TASK DESCRIPTION » Only one stretch of the data should be retyped: the lines from the line containing "- Mermaid (3" through the line containing "R.CARIGNANI - Dipinto". Keep pictures out of it.

INFORMATION »
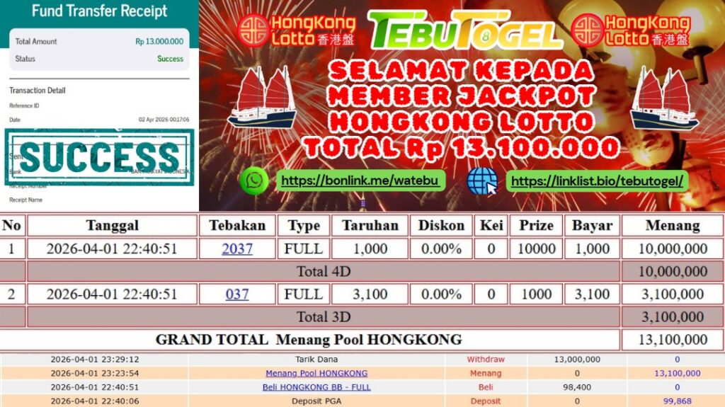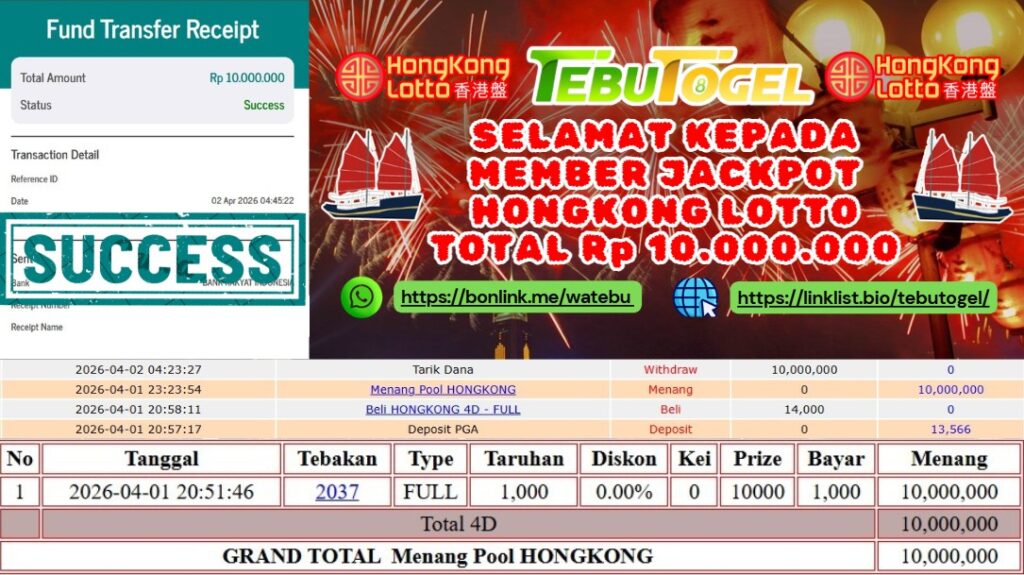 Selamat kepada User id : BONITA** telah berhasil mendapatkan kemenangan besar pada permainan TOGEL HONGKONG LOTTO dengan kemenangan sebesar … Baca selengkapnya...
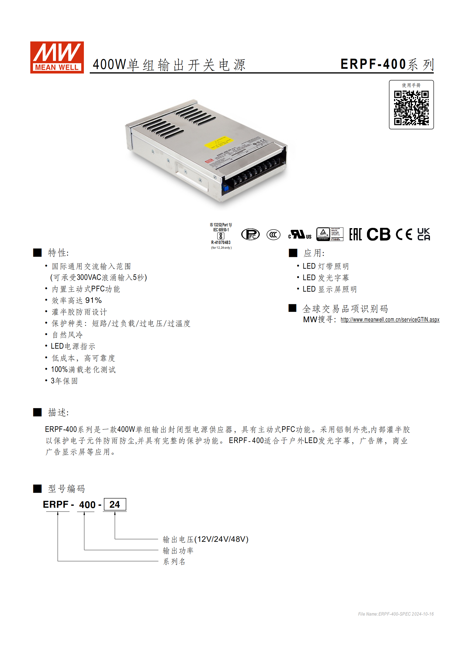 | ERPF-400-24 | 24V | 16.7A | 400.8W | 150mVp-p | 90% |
...
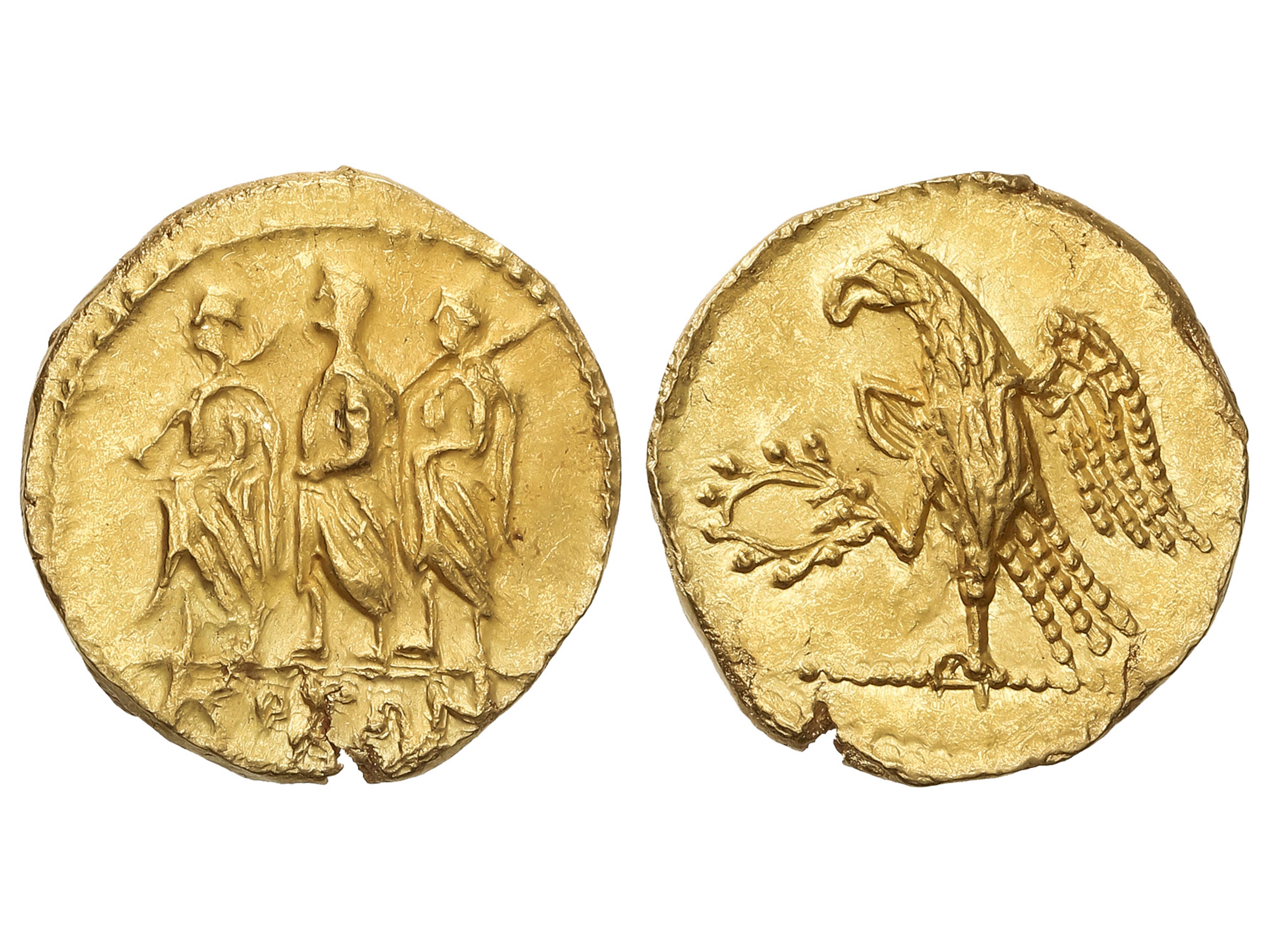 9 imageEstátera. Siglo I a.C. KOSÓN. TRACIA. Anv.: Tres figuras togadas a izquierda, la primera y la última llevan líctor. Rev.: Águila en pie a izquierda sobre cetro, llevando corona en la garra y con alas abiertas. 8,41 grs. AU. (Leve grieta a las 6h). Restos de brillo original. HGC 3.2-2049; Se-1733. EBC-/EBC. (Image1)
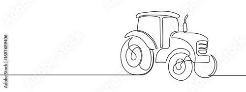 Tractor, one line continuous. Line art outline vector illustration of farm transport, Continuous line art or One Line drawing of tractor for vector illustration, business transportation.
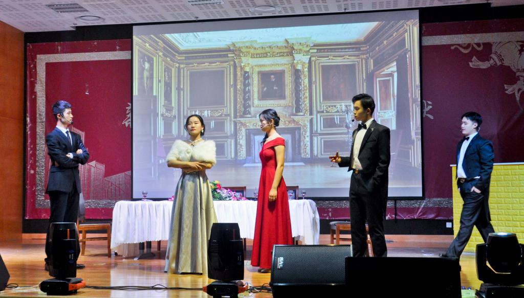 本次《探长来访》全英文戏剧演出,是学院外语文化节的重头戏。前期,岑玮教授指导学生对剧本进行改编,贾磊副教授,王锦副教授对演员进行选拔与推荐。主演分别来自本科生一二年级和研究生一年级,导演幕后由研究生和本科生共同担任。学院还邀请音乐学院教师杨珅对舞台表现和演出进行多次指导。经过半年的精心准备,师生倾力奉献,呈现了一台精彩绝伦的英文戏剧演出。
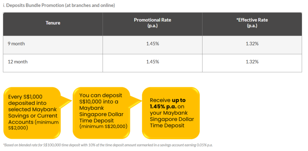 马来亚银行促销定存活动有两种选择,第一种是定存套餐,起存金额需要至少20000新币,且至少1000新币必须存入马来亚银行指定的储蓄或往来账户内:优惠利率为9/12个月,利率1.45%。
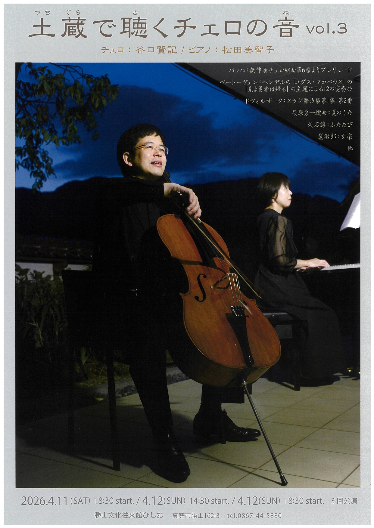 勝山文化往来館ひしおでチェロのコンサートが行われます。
...
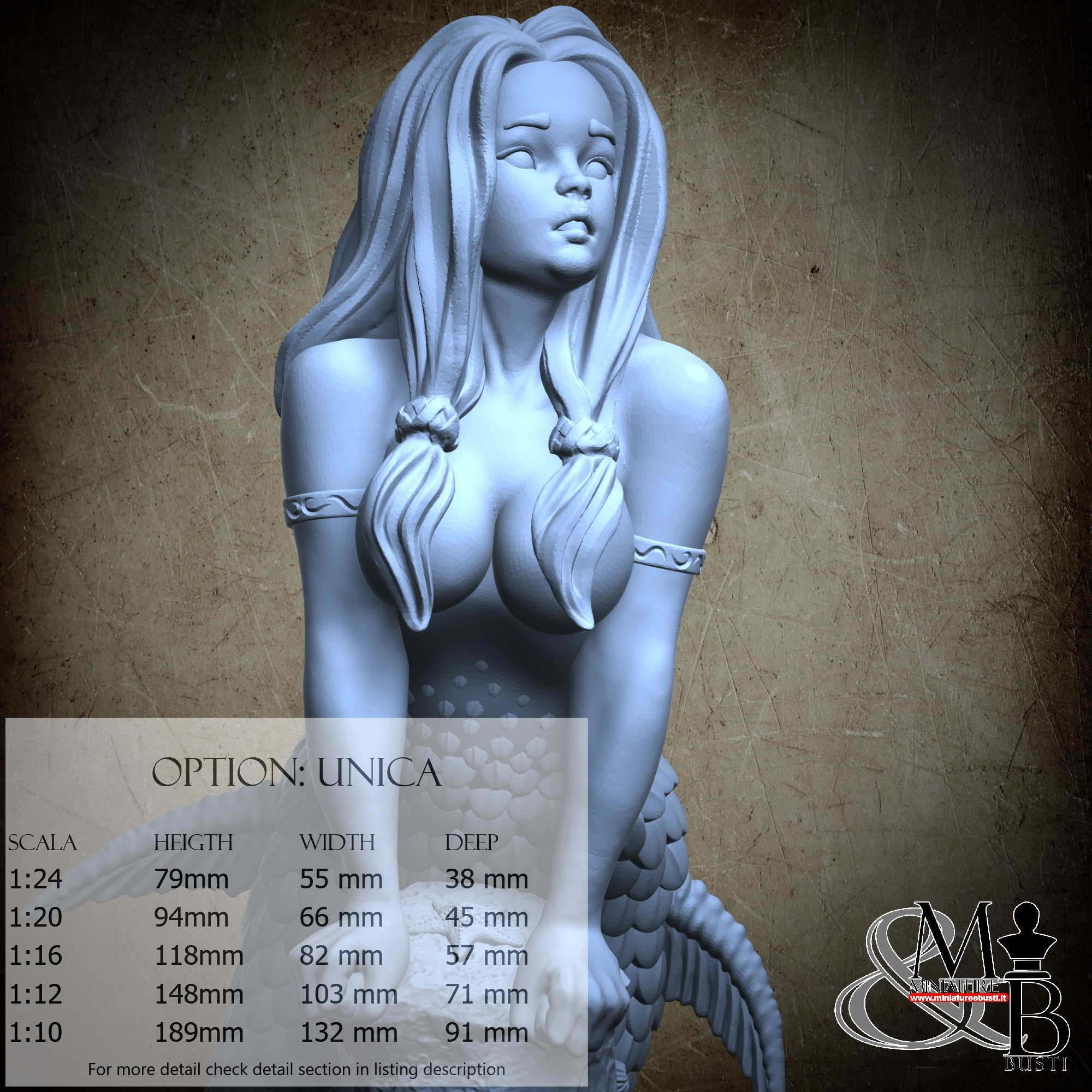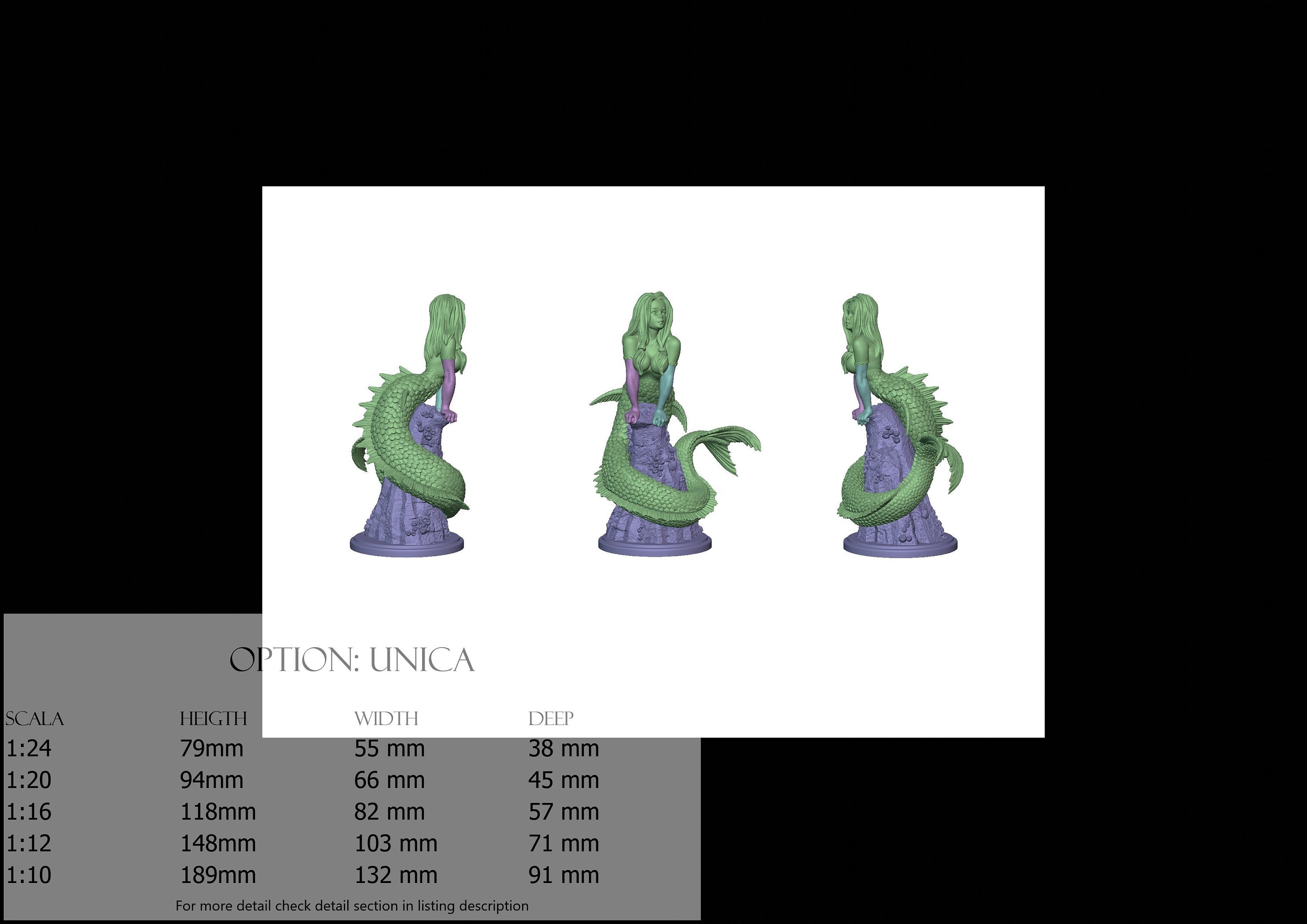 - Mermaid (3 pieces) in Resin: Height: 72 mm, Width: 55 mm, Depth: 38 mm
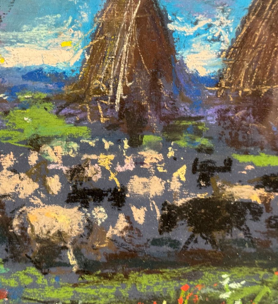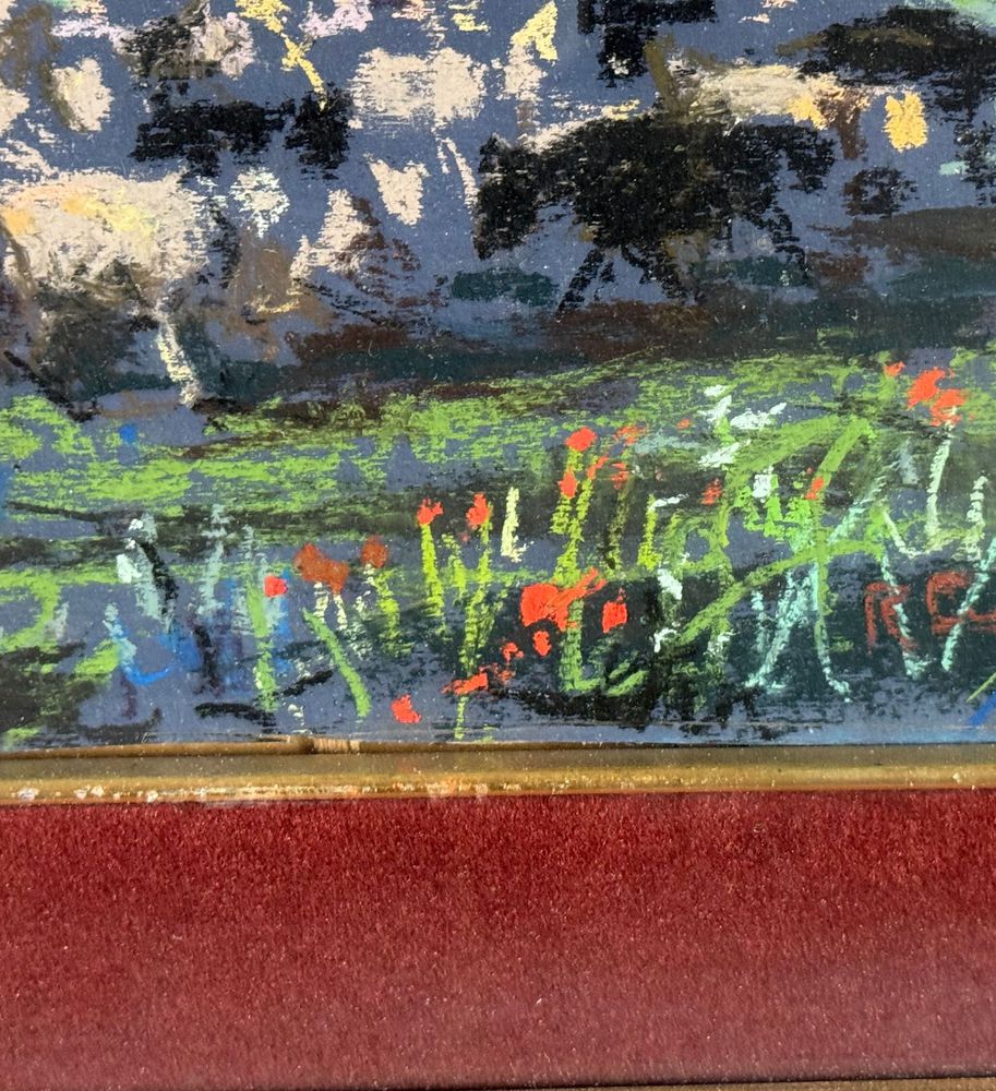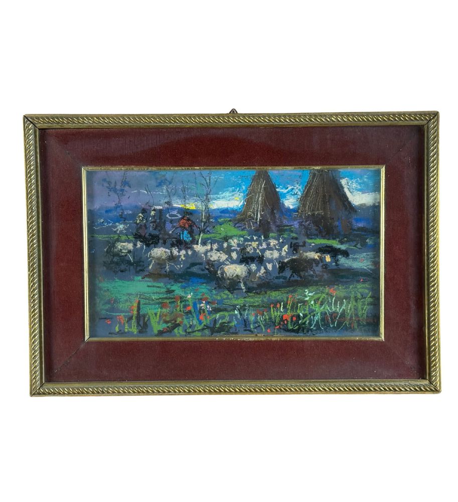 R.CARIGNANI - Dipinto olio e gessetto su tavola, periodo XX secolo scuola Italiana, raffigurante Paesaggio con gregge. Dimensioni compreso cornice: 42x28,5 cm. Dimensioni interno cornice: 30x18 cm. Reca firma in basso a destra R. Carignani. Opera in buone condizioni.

SOLUTION TO THE EXERCISE »
 - Mermaid (3 pieces) in Resin: Height: 72 mm, Width: 55 mm, Depth: 38 mm
 R.CARIGNANI - Dipinto olio e gessetto su tavola, periodo XX secolo scuola Italiana, raffigurante Paesaggio con gregge. Dimensioni compreso cornice: 42x28,5 cm. Dimensioni interno cornice: 30x18 cm. Reca firma in basso a destra R. Carignani. Opera in buone condizioni.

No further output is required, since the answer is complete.